→ **Work task**: Word for word, output every line of the material below, minus pictures.

→ **Study material**:

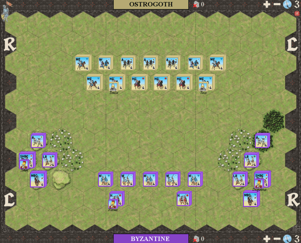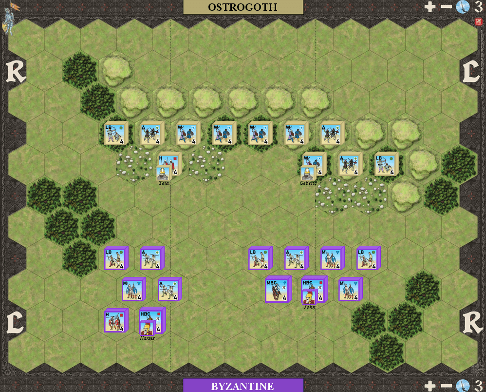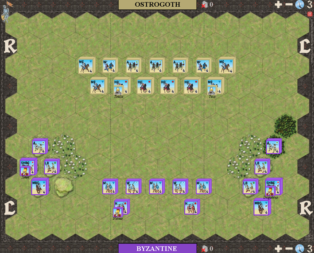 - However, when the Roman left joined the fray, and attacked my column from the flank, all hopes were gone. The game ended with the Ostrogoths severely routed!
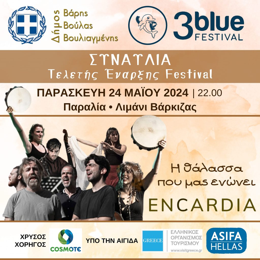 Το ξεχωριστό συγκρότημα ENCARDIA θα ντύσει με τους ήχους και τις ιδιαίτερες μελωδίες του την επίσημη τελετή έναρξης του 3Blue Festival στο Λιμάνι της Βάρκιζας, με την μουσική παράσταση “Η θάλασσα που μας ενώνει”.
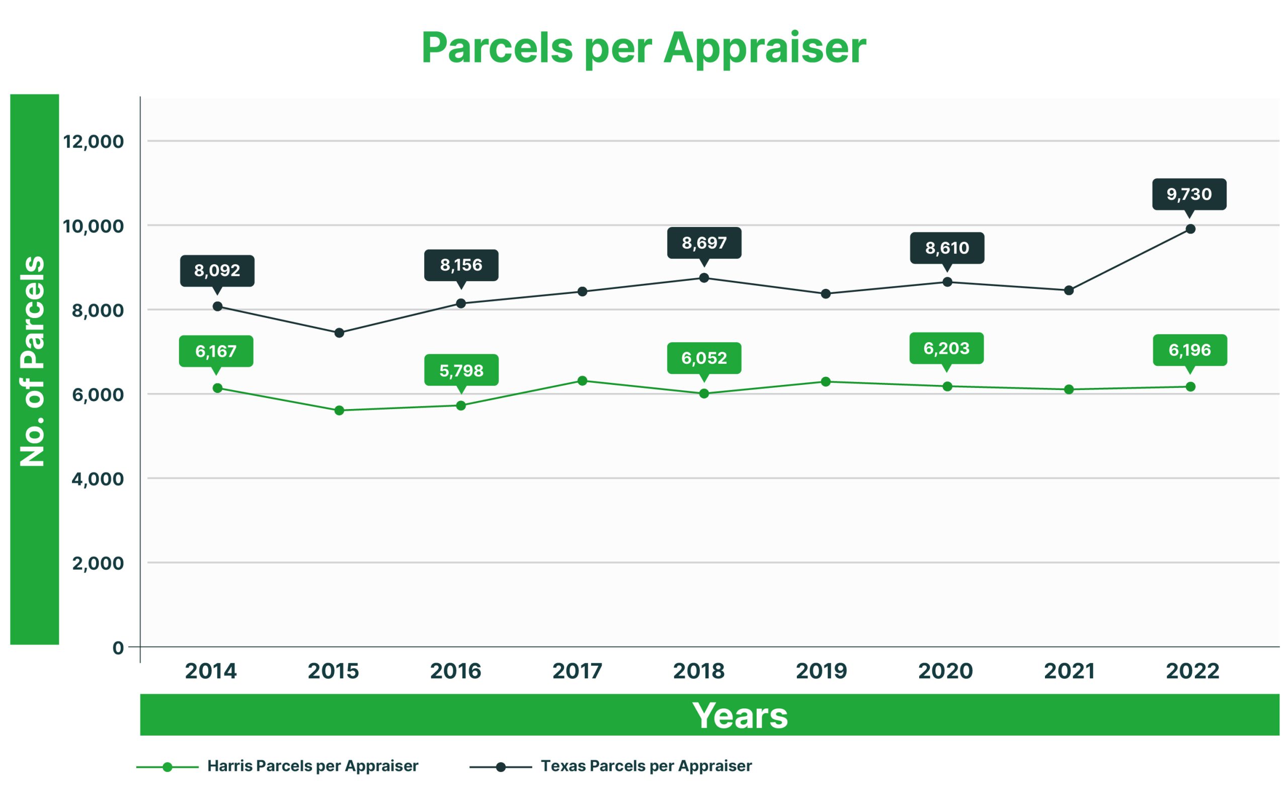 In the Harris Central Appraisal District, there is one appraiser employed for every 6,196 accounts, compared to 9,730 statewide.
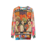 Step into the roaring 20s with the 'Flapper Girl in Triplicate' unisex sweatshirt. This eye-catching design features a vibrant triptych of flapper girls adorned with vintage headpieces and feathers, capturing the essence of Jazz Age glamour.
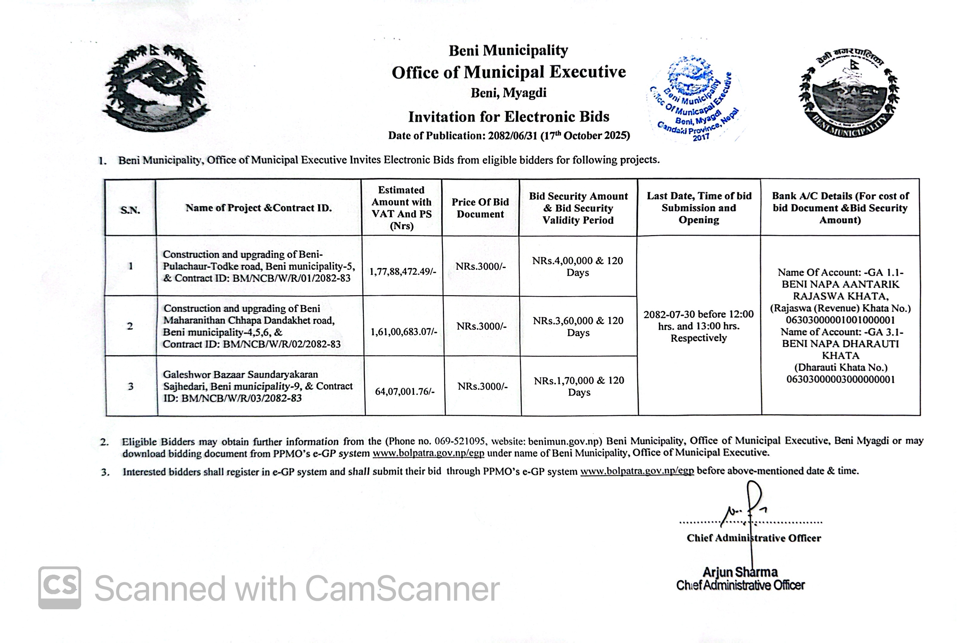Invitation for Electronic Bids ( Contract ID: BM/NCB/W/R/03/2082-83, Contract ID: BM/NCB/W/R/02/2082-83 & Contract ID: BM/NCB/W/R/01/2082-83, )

→ **Answer to this task**:
 - However, when the Roman left joined the fray, and attacked my column from the flank, all hopes were gone. The game ended with the Ostrogoths severely routed!
 Το ξεχωριστό συγκρότημα ENCARDIA θα ντύσει με τους ήχους και τις ιδιαίτερες μελωδίες του την επίσημη τελετή έναρξης του 3Blue Festival στο Λιμάνι της Βάρκιζας, με την μουσική παράσταση “Η θάλασσα που μας ενώνει”.
 In the Harris Central Appraisal District, there is one appraiser employed for every 6,196 accounts, compared to 9,730 statewide.
 Step into the roaring 20s with the 'Flapper Girl in Triplicate' unisex sweatshirt. This eye-catching design features a vibrant triptych of flapper girls adorned with vintage headpieces and feathers, capturing the essence of Jazz Age glamour.
Invitation for Electronic Bids ( Contract ID: BM/NCB/W/R/03/2082-83, Contract ID: BM/NCB/W/R/02/2082-83 & Contract ID: BM/NCB/W/R/01/2082-83, )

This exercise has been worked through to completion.